Alright well I'm done with ideas I'll vote myself as a tasting judge


----------



## ErieAngler

I like the T-Shirt Idea. I have a buddy who could probably help us with that. Scott and I will have a leg up on the competition in a couple weekends - After I reveal most my secrets


----------



## I_Shock_Em

That camping idea sounds like a good time there Goose. This cookoff could prove to be quite interesting


----------



## goose commander

hey the T-shirt ideas works for me..i could always use a new cloths in my wardrobe away.lol. i can tell you this men, there is nooo way my wife will let all of us invade her kitchen down there. i have a large grill and a grate over an open pit for cooking.scott you cant judge and be in the cook off. so there will need to be a third unbias party. i agree mark, should be very interesting. let the bragging begin!!!!!


----------



## ErieAngler

goose commander said:


> hey the T-shirt ideas works for me..i could always use a new cloths in my wardrobe away.lol. i can tell you this men, there is nooo way my wife will let all of us invade her kitchen down there. i have a large grill and a grate over an open pit for cooking.scott you cant judge and be in the cook off. so there will need to be a third unbias party. i agree mark, should be very interesting. let the bragging begin!!!!!


Im astounded you were able to get everyones name right!


----------



## ringmuskie9

hahahaha.. that cracks me up Andrew.. I suprised John remembered Mark's name. What is the date of the weekend?? Sounds like it will be a good time. Andrew are you going to work on some t-shirt's? or you need my assistance?


----------



## ErieAngler

We should do one of two things
1) pick a weekend during the season where we can do a morning hunt, then the cookoff. 

2) pick a weekend during the south "break" ...... that isnt near rut, where we aren't wasting any good hunting.

Scott - you and I can talk shirts when we head up for the drawing next week. The guy Im thinking of who can probably help with them should be there.....Goes by "SwampGhost" on here.

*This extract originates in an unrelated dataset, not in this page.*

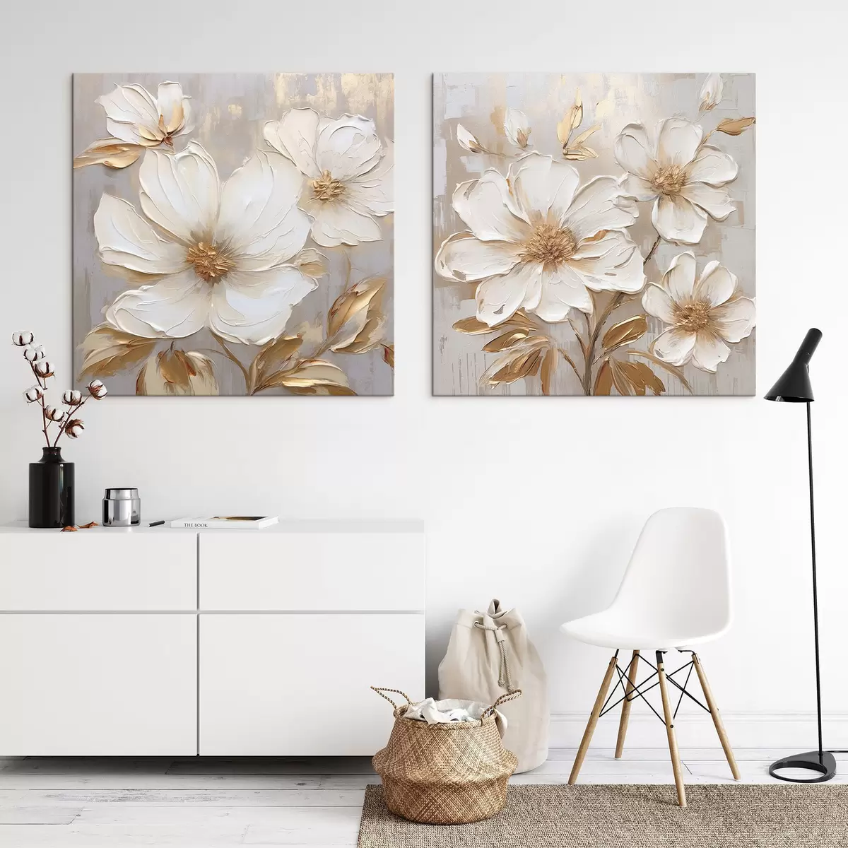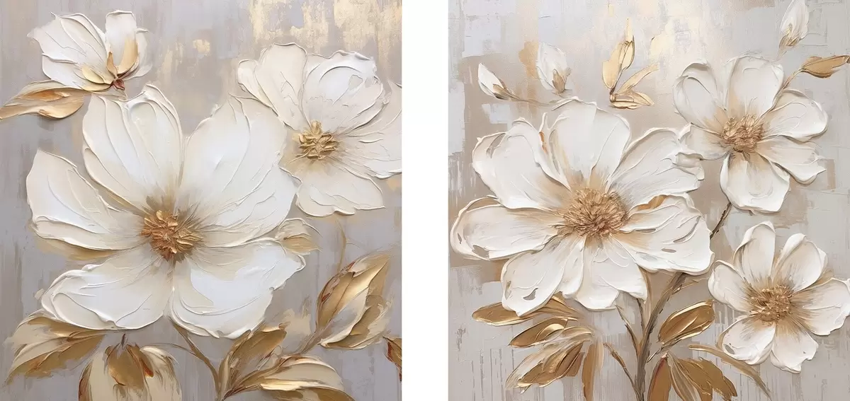 Picture Diptych with large flowers in light warm colors Nr m00927

Where ever this event is held (if GC's doesnt workout) we will probably need to be able to throw some tents up and Im guessing we'll need some space for doing some "socializing" (beers, cornhole, cards, staying dry in case its raining or snowing).


----------



## I_Shock_Em

whatever works for me, as long as it happens sometime, somewhere, and there is beer, wild game, and guns


----------



## Mushijobah

dude i'm in, even if i'm not invited. i'll bring the nati ice!


----------



## I_Shock_Em

if u are bringing natty ice, you are SOOOOOOOOO not invited!!!!!


----------



## ringmuskie9

hahaha.. yeah the natty ice might have to hold off. I'm just trying to figure out the date so I dont plan anything that weekend. The old lady wants to go to a concert the last weekend in sept. I thought John said it would be the 
3rd weekend?


----------



## goose commander

ok i deserve that about the names.

kyle you are invited, i guess even if you bring the natti

scott third weekend in sept. i do that because its after early goose season but before deer season starts. now im not promising anything but i have a large pond about 20mins away that may hold some teal. i know theres doves for a morn hunt plus the squirrel all over the place.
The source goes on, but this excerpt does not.